In short, capitalists as a class are caught between a number of conflicting pressures, including: their long-term need for a labour-force, their short-term demands for different categories of workers and consumers, their profit requirements, and their desire to maintain hegemony over a divided working class. In the abstract of my theoretical construction, these contradictory pressures generate tendencies, of course, not preordained inevitabilities. Such tendencies do not necessarily produce outcomes favourable to dominant classes, as functionalist interpretations would have it. Rather, the processes of reproduction of labourpower constitute an embattled terrain. In actual societies, capitalists adopt a variety of strategies, some of which involve manipulating domestic labour in ways that can be analysed as creating absolute or relative surplus-value. At the same time, working people strive to win the best conditions for their own renewal, which may include a particular level and type of domestic labour. Because both capital and labour are ordinarily fragmented into distinct sectors, the results are not uniform across layers.

A contradictory tendential dynamic thus threads through historical struggles over the conditions for the reproduction of the commodity labour-power. Particular outcomes have included the family-wage for certain groups, protective legislation covering female and child industrial workers, sex- and race-segregation in the labour-market, migrant-labour housed in barracks, and so forth.23

To this point I have discussed the reproduction of the commodity labourpower as an economic phenomenon.24 There is, however, a key political phenomenon that also pertains, a tendency towards equality.
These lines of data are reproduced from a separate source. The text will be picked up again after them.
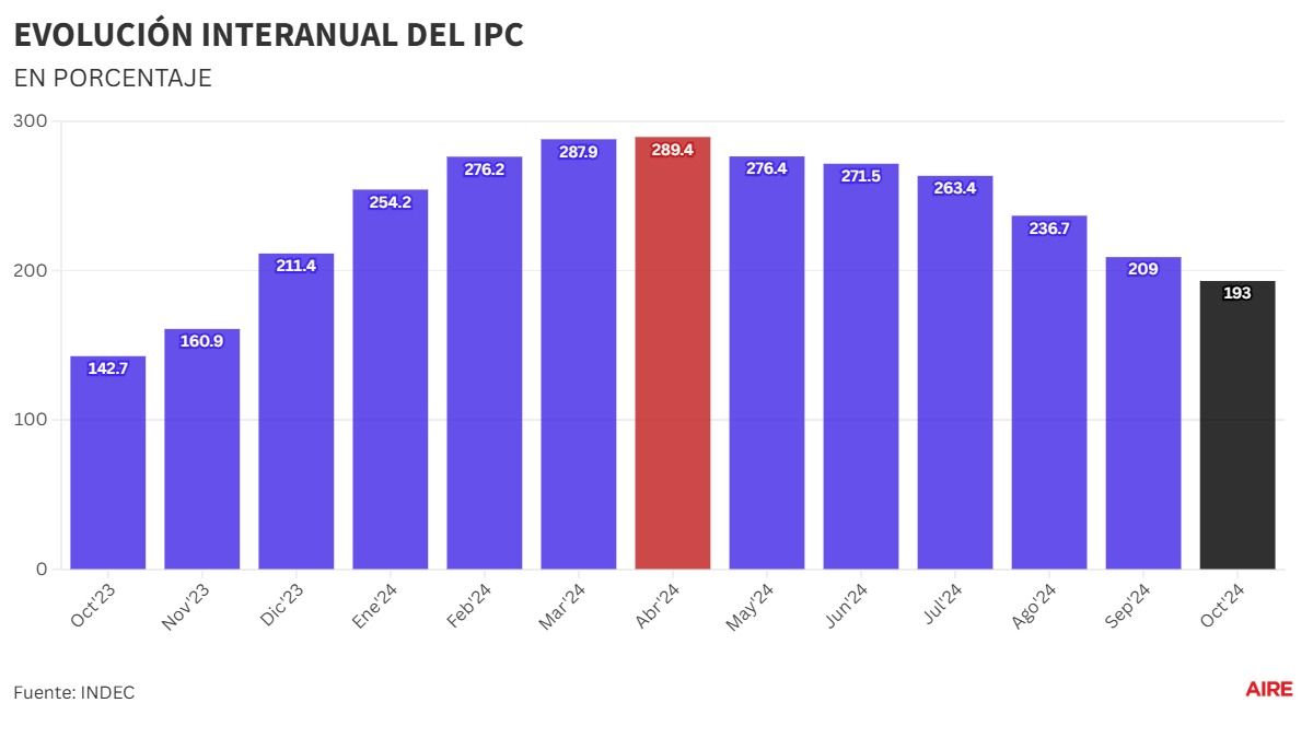 De esta manera, el costo de vida subió 107% en lo que va del 2024 y se ubica en el 193% en la medición interanual.
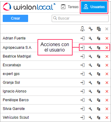 En la pestaña Usuarios se muestra la lista de todos los usuarios disponibles. Puede realizar las siguientes acciones con ellos: modificar o ver propiedades, copiar y eliminar. También puede crear nuevos usuarios y acceder al sistema como un usuario de la lista si usted tiene derechos de acceso necesarios. En la pestaña hay búsqueda dinámica por nombre de usuario.
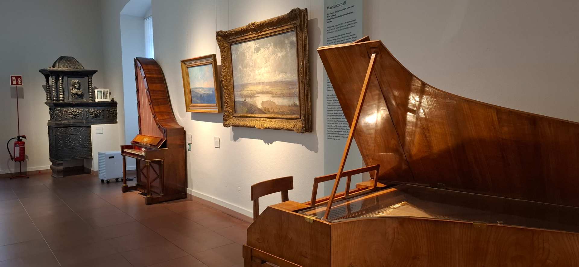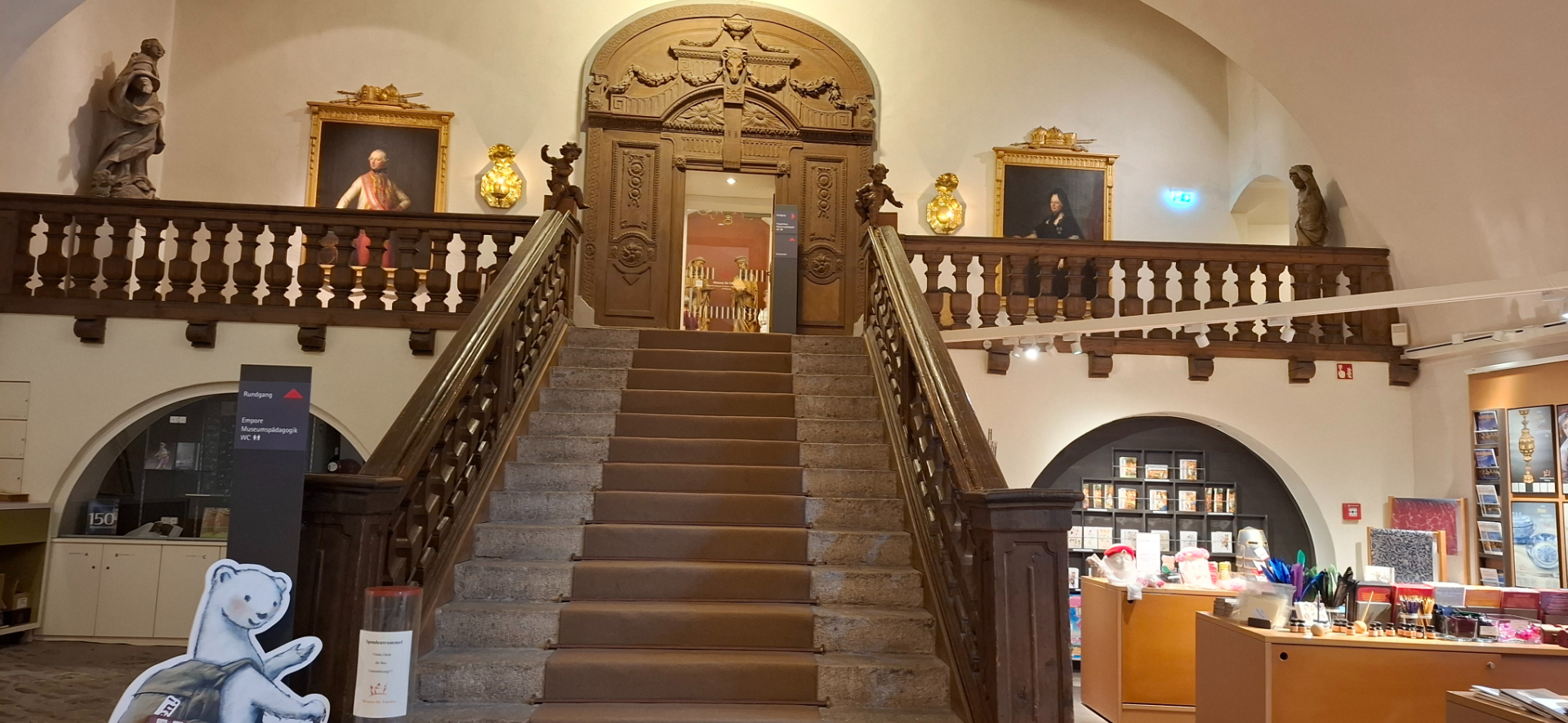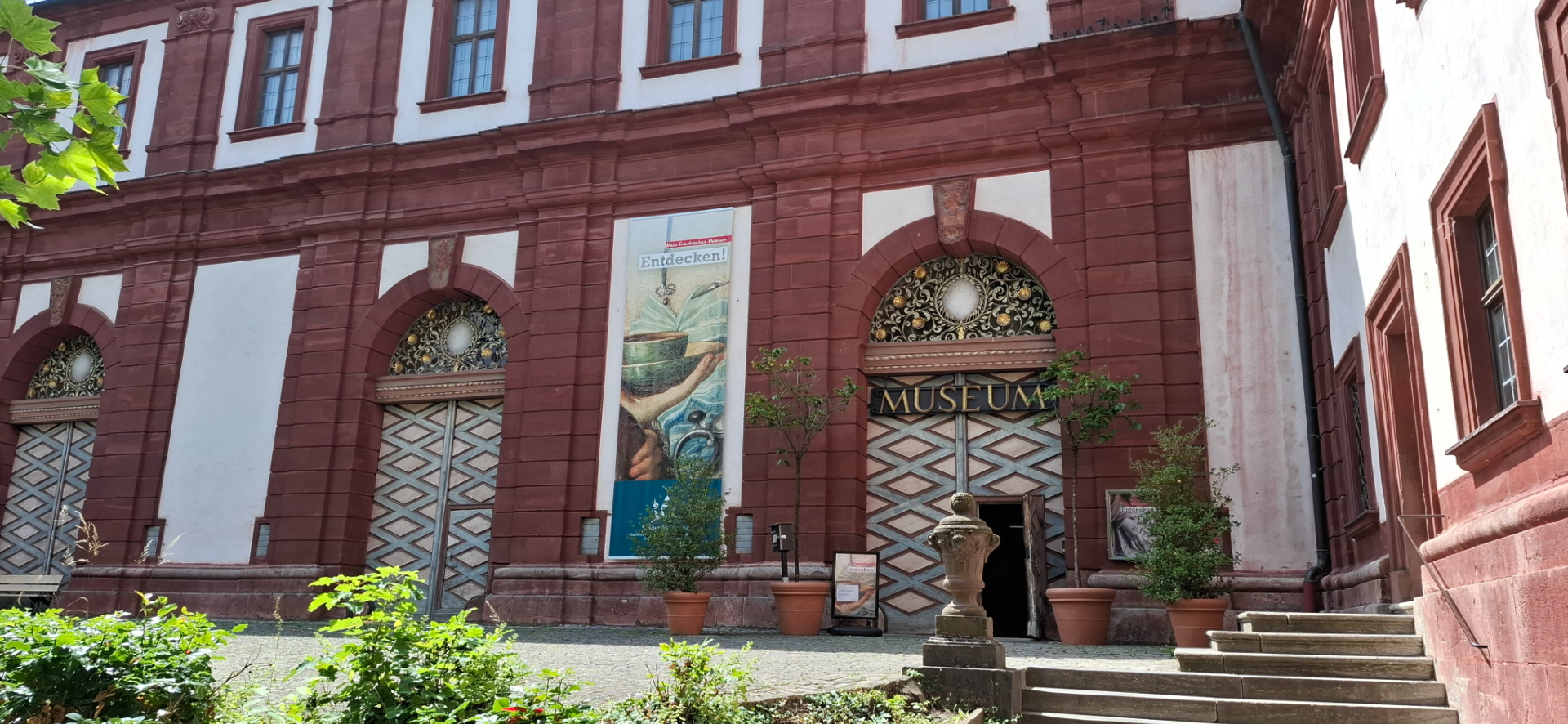 Он расположен не в одном доме, занимает примыкающий «Дворец Фюрстен», помещения для гарнизона, бывшие конюшни. С 1946 происходило восстановление барочного Zeughaus -склада оружия, первоначально 1702-1712 гг. постройки, но разрушенным в 1866 и 1945 годах. Франконский музей Музей «Майна и Франконии» находится в этом дании бывшего склада оружия. Когда восстановили, скорее построили заново, Echterbastei -бастион Эхтера, музей расширился в эту часть крепости. От кассы широкая лестница наверх.
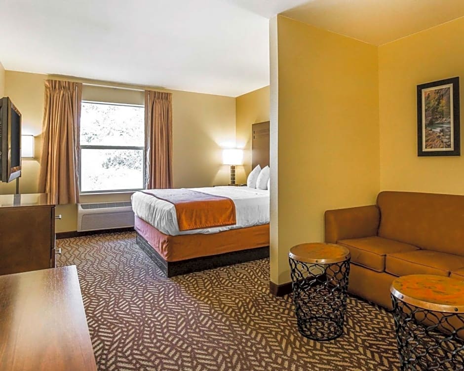Beautifully remodeled room/sink area/shower, great bedding, comfortable bed, refrigerator in room and ice machine nearby a must, really liked the couch in king room for relaxing, great pool and hot tub area, landscaped nicely and all around great feel of property. They’re doing an excellent job improving the property. Contactless checkin was really nice and good correspondence before we arrived. Nice to have the shuttle right out on the street to walk to and leave our car parked at the hotel. Location close enough to food/shopping but not too close.
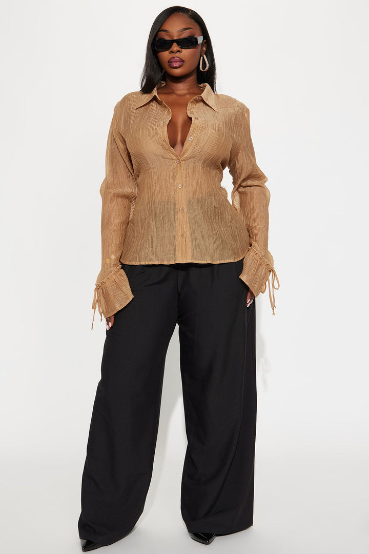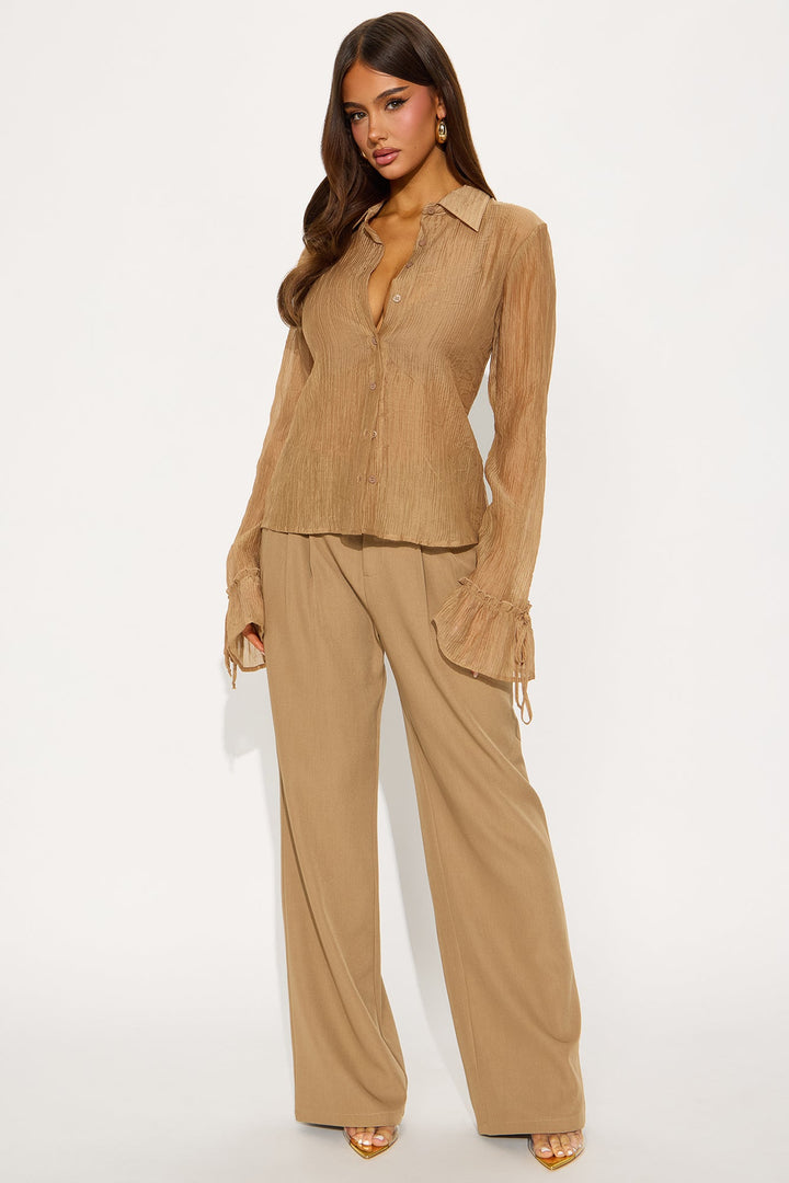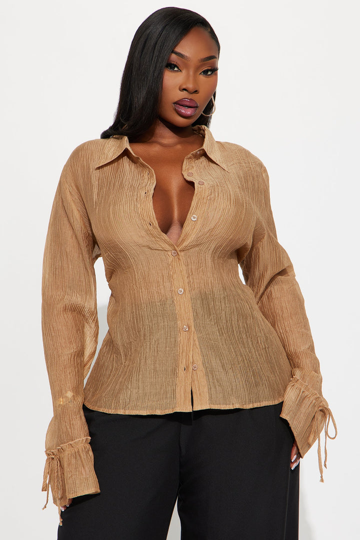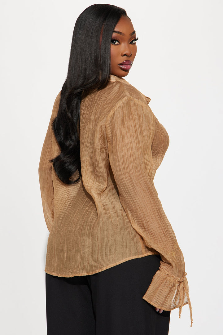 Available In Chocolate And Taupe. | Organza Shirt | Button Up | Plisse Detail | Non Stretch | Self : 100% Polyester | Imported
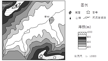 1.图中山峰与甲村的相对高度可能是2.图示区域欲发展旅游业,开发下列旅游产品,你认为合理的是
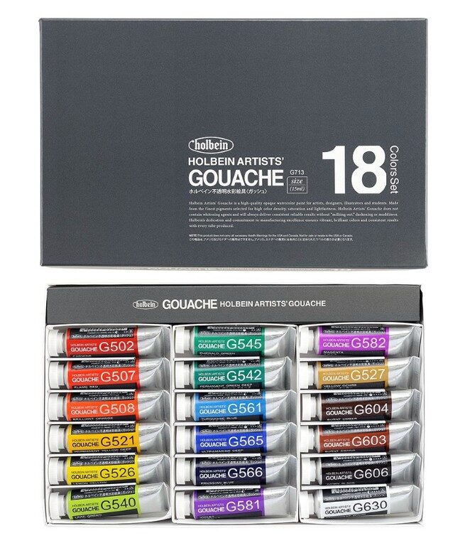 Holbein Gouache Opaque Watercolours 15ml G713 18 Colour Set
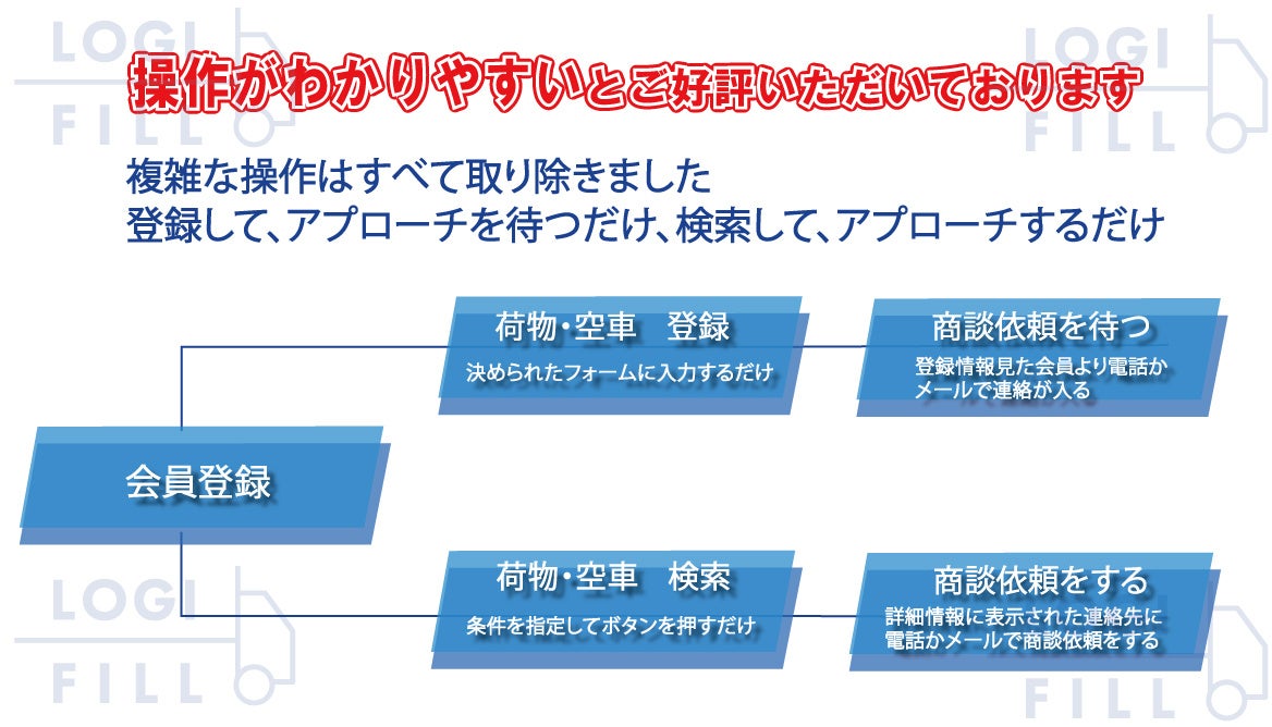 LOGIFILLでは、複雑な操作はすべて取り外し、登録、検索、問合せの三つの操作だけで、ご利用いただくことができます。ご利用料金につきましても、荷主企業と運送会社で検索や登録の利用範囲をわけることなく、1アカウント月額5000円(税別)でどちらもご利用いただけます。
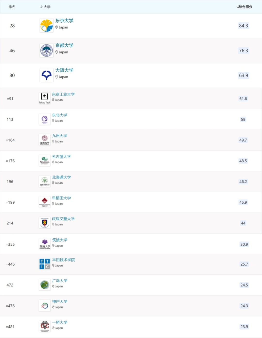 2024年的QS世界大学排名中,日本共有50所大学上榜。在全球排名Top500中,日本共上榜15所。其中排名前100名的共4所学校,分别为:
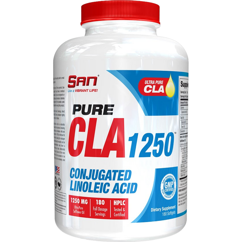 Introducing SAN Pure CLA 1250 - 180 Softgels, a premium dietary supplement designed to assist individuals in achieving their fitness and wellness goals. Formulated with Conjugated Linoleic Acid (CLA), this powerful fat-loss agent is particularly noted for its ability to:

Marx argued that this fundamental political feature of capitalist societies has a basis in the articulation of production and circulation.25 In production, a great range of concrete useful labour is rendered equivalent as human labour in the abstract, or value. In circulation, commodities can be exchanged on the market when they embody comparable amounts of that value. Labour-power is, of course, also a commodity, bought and sold on the market. Workers and capitalists thus meet in the marketplace as owners seeking to exchange their commodities. For transactions to take place, capitalists must offer wages that are equivalent to the value of workers’ labour-power. Contrary to notions of capitalism as a cheating system, this is an equal exchange. Equality in the market goes hand in hand with exploitation in production.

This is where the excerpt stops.